You're looking at the past with rose-colored glasses. There has never, ever been a time when everything "just worked" all the time.
Since you didn't come to the world of Apple until 2007, you missed the OS X transition. That was fun. You had a new OS that was incredibly slow, buggy, missing tons of basic functionality, and had almost no applications that ran on it, and an old OS that while tried and true, was built on archaic underpinnings and had all kinds of fundamental issues that could not be solved without the total rewrite that was OS X. To get anything done, you had to install both OSes (Macs for a time all shipped with two different operating systems preinstalled, both fully bootable - imagine that
) and switch between them depending on what you needed to do, what software you needed to run, and how adventurous you were feeling. It took many years for OS X to slowly turn from an unusable mess to a fast, stable, and useful operating system, and many years for developers to port their applications over.

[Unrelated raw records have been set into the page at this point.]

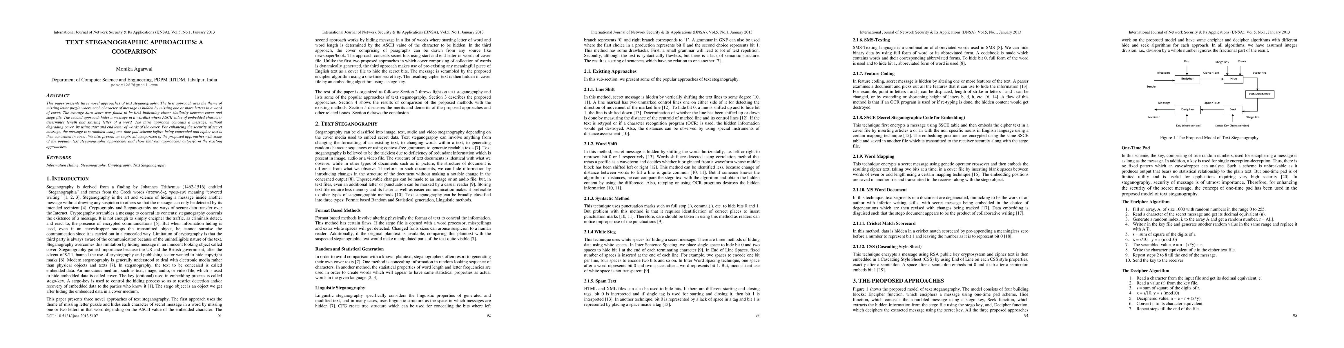 The paper proposes three novel text steganography approaches that outperform existing methods, including a missing letter puzzle approach with a high Jaro score of 0.95 and an approach using ASCII values to hide messages in words.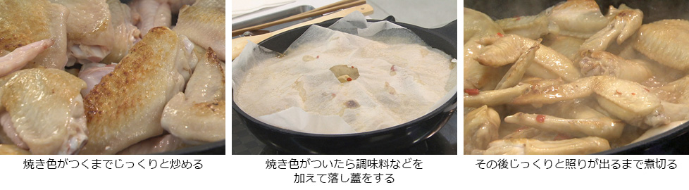 - フライパンにゴマ油をひいて熱し、手羽先を並べて焼き色がつくまでじっくりと炒めます。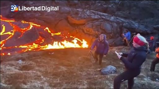 El volcán islandés que sigue expulsando lava atrae a miles de personas y algunas como los fotógrafos que se acercan todo lo que pueden hasta el punto de casi quemarse con la lava.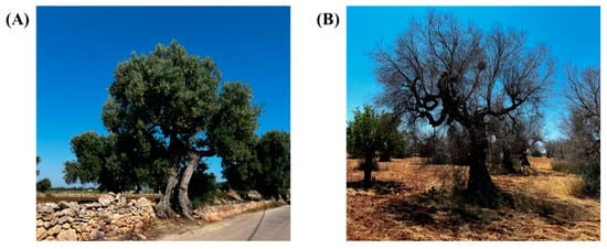 Xylella fastidiosa (Xf) is a non-spore-forming Gram-negative phytopathogenic bacterium belonging to the Xanthomonadaceae family, colonizing the xylem vessels of almost 600 plant species—275 genera and 85 families [23]. Though the world is concentrated on coronavirus disease 2019 (COVID-19) [24], the current impact of Xf in many parts of the world is now considerable [25] and causes the disease in a number of important crops and plants within natural ecosystems. The Xf symptoms are leaf scorching, wilting of the foliage, defoliation, chlorosis or bronzing along the leaf margin, and dwarfing [26]. Most of the infected species do not demonstrate remarkable alterations, but destructive diseases occur in important crops such as olives [27], grapevine [28], citrus [29], and stone fruits [30,31], as well as in numerous ornamental and forest species [32]. Most notable among these diseases are Pierce’s disease (PD) of grapevine, Citrus Variegated Chlorosis (CVC), Almond Leaf Scorch Disease (ALSD), Oleander Leaf Scorch (OLS) and Olive Quick Decline Syndrome (OQDS) [33]. Xf has been found in more than 500 plant species, especially the perennial ones [34,35]. A dramatic outbreak of Xf subsp. pauca (Xfp) strain ST53, namely CoDiRO (Complesso del Disseccamento Rapido dell’Olivo, meaning OQDS), decimating olive trees was discovered in 2013 in Apulia, Southern Italy [36]. The meadow spittlebug Philaenus spumarius L. (1978) (Hemiptera: Auchenorrhyncha: Aphrophoridae) is considered the main vector in the Xf outbreak [37]. To date, this disease is limited to the Salento region. Figure 2 shows olive trees undamaged (A) and severely damaged (B) by Xfp. The areas of Barletta-Andria-Trani BAT (Apulia) and Potenza PZ (Basilicata, Apulia bordering region) and the north of Salento are pathogen-free.

I would say that I spend far more time being productive and far less time struggling with the operating system and the hardware on my Apple products than at any other time in memory. Yes, I freely acknowledge that Apple's yearly release cycles seem to be resulting in releases that probably should not have been made available to the public in their initial form, and that there are areas of iOS and OS X that are just fundamentally broken or poorly thought out. The thing is, this describes all Apple products - past, present (and future) and also every tech product anyone has ever produced, ever.